Start of Provided records
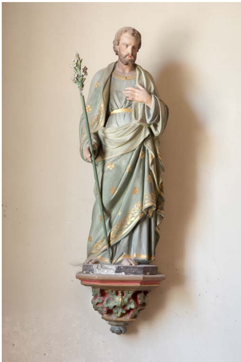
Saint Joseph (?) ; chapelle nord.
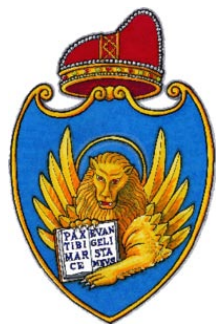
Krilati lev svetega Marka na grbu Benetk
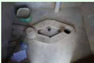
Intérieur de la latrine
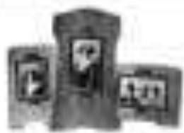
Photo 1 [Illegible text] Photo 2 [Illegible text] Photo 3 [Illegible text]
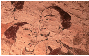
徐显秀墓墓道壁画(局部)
End of Provided records
Start of Provided records
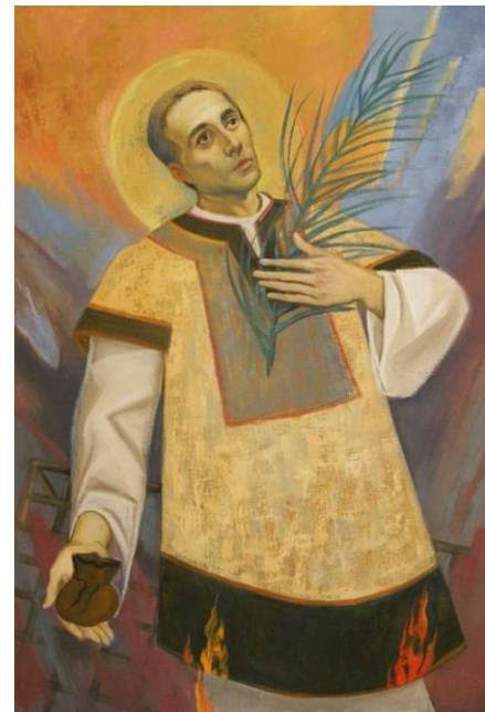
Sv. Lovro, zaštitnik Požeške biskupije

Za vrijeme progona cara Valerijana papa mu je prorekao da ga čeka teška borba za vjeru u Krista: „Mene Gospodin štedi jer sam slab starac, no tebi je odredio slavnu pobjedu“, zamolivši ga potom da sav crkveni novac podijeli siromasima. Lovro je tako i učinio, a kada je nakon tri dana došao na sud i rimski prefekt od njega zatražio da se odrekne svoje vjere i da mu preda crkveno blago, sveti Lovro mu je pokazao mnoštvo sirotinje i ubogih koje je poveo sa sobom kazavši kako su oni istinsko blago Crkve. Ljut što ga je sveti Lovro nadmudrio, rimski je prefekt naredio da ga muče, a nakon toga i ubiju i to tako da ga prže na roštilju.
End of Provided records
Start of Provided records
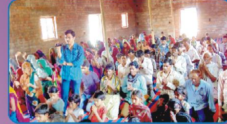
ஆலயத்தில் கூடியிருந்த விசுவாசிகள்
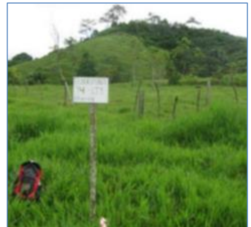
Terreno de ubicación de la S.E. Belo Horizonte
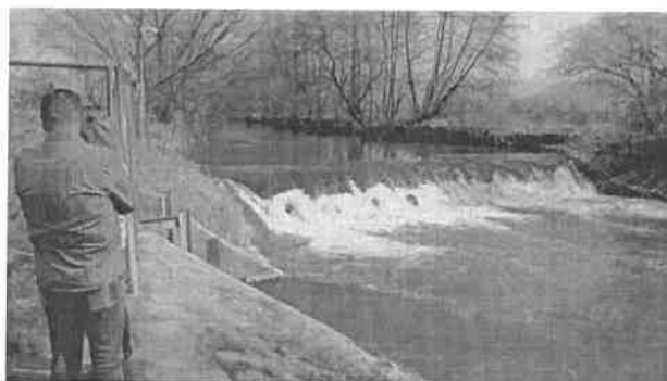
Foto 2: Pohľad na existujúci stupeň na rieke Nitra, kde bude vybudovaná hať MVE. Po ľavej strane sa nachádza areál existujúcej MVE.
End of Provided records
» **Work required**: Give only the number of lines in the material above where the string "Lovro" appears.

» **Task output**: 2